Report on a Resolved System Downtime on Jan 29, 2020

This past Wednesday, we encountered a severe system outage. The monday.com platform was down for two hours and twenty minutes (Jan 29, 2020 - 17:42 UTC - Jan 29, 2020 - 20:03 UTC). During the downtime, while we worked relentlessly to resolve the issue, you couldn’t access your monday.com account.

We realize that you expect monday.com to be always available for your business, and we sincerely apologize for the inconvenience that this incident caused you and your team.

Your trust in us is our top priority and we believe you deserve full transparency as to our findings. Therefore, we take this opportunity to provide you with the details regarding this incident, as we currently understand them. Our investigation is ongoing, and we will provide updated information in the future.

What Happened?

One of our main databases encountered an unusual error that resulted in degraded performance that hindered consistent platform availability. The automatic switch to a different database (located in a different geographical availability zone) didn’t function as expected. Thus, we had to switch to a different instance of the database and validate its stability, a process which took time.

What’s Next?

We’re investigating the root cause of this failure together with our third party cloud computing service provider in order to fully understand it and accordingly, take preventative measures to avoid recurrence. In addition, our team has already begun an internal and extensive retrospective, to learn from this incident and to ensure, to the best of our ability, that it will not happen again.

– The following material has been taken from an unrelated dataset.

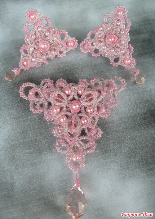 Гарнитур ВЫПОЛНЕН ТОЛЬКО В ОДНОМ ЭКЗЕМПЛЯРЕ. состоит из броши и серьг. Цвет нежно розовый. Материал : Нить капроновая, люрекс, бисер № 15 (япония), бисер №10 (чех), бусины (чешские по жемчуг и Сваровских (хрусталь)), подвески (чешские Сваровских (хрусталь)). Размер: брошь - шир. 6,5 см на дл. 8 см; серьги - шир. 4,0 см на дл. 5 см.
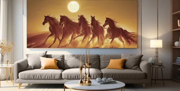 The golden-orange palette adds a premium and cozy feel, making any room look instantly more expensive and inviting. The sunlight reflecting on the horses enhances depth and realism, while the motion adds energy and life to the wall.

We are fully committed to continuously communicating our findings to you. Please follow this incident summary link to find all details about the incident and our handling process, which will be updated as our investigation progresses.

Thank you.

Posted Feb 02, 2020 - 11:10 UTC

Resolved

monday.com is now fully operational, you should be able to return to your regular workflow upon refresh. Thank you again for your patience and cooperation, we appreciate it!

Posted Jan 29, 2020 - 20:32 UTC

Monitoring

The platform should be back up upon refreshing your browser! We're continuing to monitor performance and stability to ensure everything is working smoothly!

Posted Jan 29, 2020 - 20:05 UTC

Identified

We're making progress as our R&D team has identified the issue and is now working on restoring consistent access to your monday.com account. Your patience is highly appreciated, we're working hard to get you back to your regular workflow as soon as possible!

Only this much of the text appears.